From: Mike Rapoport <rppt@kernel.org>
To: Andrew Morton <akpm@linux-foundation.org>
Cc: Alexander Graf <graf@amazon.com>, Baoquan He <bhe@redhat.com>,
Changyuan Lyu <changyuanl@google.com>,
Chris Li <chrisl@kernel.org>, Jason Gunthorpe <jgg@nvidia.com>,
Mike Rapoport <rppt@kernel.org>,
Pasha Tatashin <pasha.tatashin@soleen.com>,
Pratyush Yadav <pratyush@kernel.org>,
kexec@lists.infradead.org, linux-mm@kvack.org,
linux-kernel@vger.kernel.org
Subject: [PATCH v2 1/2] kho: add support for preserving vmalloc allocations
Date: Fri, 5 Sep 2025 16:13:01 +0300 [thread overview]

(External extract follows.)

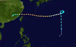 Mamie originated as a tropical disturbance over the western Philippine Sea around July 14. Initial tracking data showed a west-northwestward trajectory, with the system intensifying to a tropical storm by July 15 near the Luzon Strait. Mamie reached its peak intensity at 85 knots (155 km/h) early on July 17, equivalent to a Category 1 typhoon, with a central pressure of 987 hPa. This peak occurred just before landfall in Guangdong Province, China, on July 17. After landfall, Mamie degraded swiftly, and dissipated on July 18.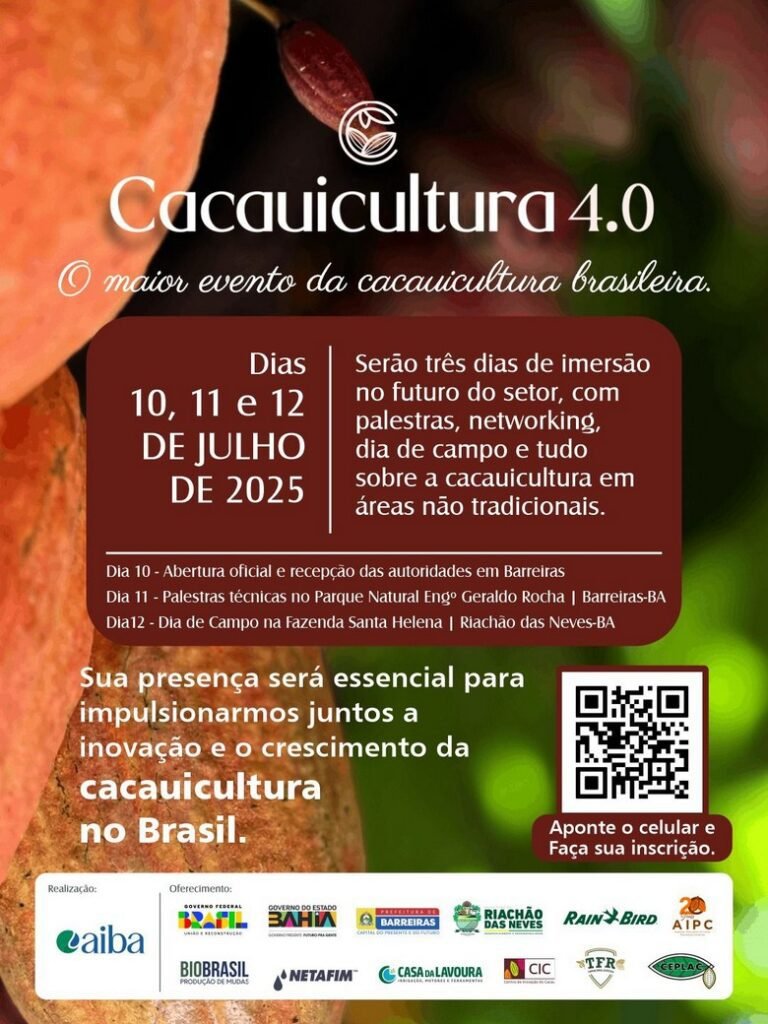 Barreiras será sede da quarta edição da Cacauicultura 4.0, maior evento técnico e institucional da cadeia produtiva do cacau no Brasil. De 10 a 12 de julho de 2025, o município receberá produtores, pesquisadores, técnicos, investidores e especialistas de todo o país — e também do exterior — para discutir os caminhos da cacauicultura moderna, com ênfase em tecnologia, mercado, rastreabilidade e sustentabilidade. O evento é realizado pela Associação de Agricultores e Irrigantes da Bahia (Aiba), com apoio da Prefeitura de Barreiras, e se estenderá também ao município vizinho de Riachão das Neves.

Message-ID: <20250905131302.3595582-2-rppt@kernel.org> (raw)
In-Reply-To: <20250905131302.3595582-1-rppt@kernel.org>
From: "Mike Rapoport (Microsoft)" <rppt@kernel.org>
A vmalloc allocation is preserved using binary structure similar to
global KHO memory tracker. It's a linked list of pages where each page
is an array of physical address of pages in vmalloc area.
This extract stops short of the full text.